Last week I was having a pity party (table for one please). My work projects were all in a state of chaos or on life support. I was feeling kind of blue. Frustrated. Angry. Dare I say bitchy? (Mostly bitchy.)
So, I wrote a sad sack poem about my feelings. It was really less of a poem and more of a list.
I like lists.
I like grocery lists.
I like To-Do lists.
I like gratitude lists.
I like lists for when things are bugging me. (Since this is the opposite of gratitude, I call them my attitude lists.)
Lists help me think. They help me clear the cobwebs out of my brain.
I was planning to just post the list of my feelings under the guise that it was poetry… but it wasn’t really poetry.
It wasn’t particularly insightful.
It certainly wasn’t witty.
I would have been better off posting my grocery list... which might have been more entertaining.
But when I wrote my list/poem, I was hoping to kill two birds with one stone:
1) Write my way out of a bad mood.
2) Write something that I could post today.
But that didn’t happen.
So our family dinner conversation was consumed with my complaining about my frustrations at work. I was lamenting to my husband that all of my projects seemed to be blowing up all at once. While in mid-rant, my 13-year-old daughter looked up from her spaghetti and meatballs and asked me this:
“Mom, of all the producers you have ever worked with, which ones had success right away?” The question stopped me in my tracks. I thought long and hard and finally said,
“None of them. It takes years to get even one project off the ground.”

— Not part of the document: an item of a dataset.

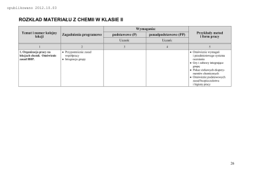 ROZKŁAD MATERIAŁU Z CHEMII W KLASIE II

She smiled and said, “So why would it be any different for you? Success takes time. Just keep going.”
Wait a minute! Did my 13-year-old daughter just give me advice? Is she actually paying attention to things I have taught her? Things I have said? Is this the same daughter who can’t remember to pick up her wet towel off the floor every day?
Yes, it is.
Her words were so simple and yet so perfect. For this one moment, I stepped out of my self-indulgent, panic-induced, stress-riddled, producer-ranting, irritated professional-self, and took stock in a joyous moment of motherhood.

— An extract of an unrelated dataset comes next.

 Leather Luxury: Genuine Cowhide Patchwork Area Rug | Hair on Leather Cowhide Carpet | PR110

My daughter is paying attention. Not just to me. But to the world. She is able to assimilate a lot of amorphous information and distill it down to a few words of wisdom. My daughter is compassionate, insightful… and 100% correct. My daughter is listening. This means she is learning... and in turn, I am learning too. I am reminded (yet again) that everything takes time: My producing career. Raising a child. Even this blog post.
So this week’s life lesson (and post) is dedicated to my daughter. It is her sage words of advice that I am sharing because we all need the reminder (especially on Mondays):
Just Keep Going.
P.S. Her wet towel was on the floor again this morning, but she gets a free pass today.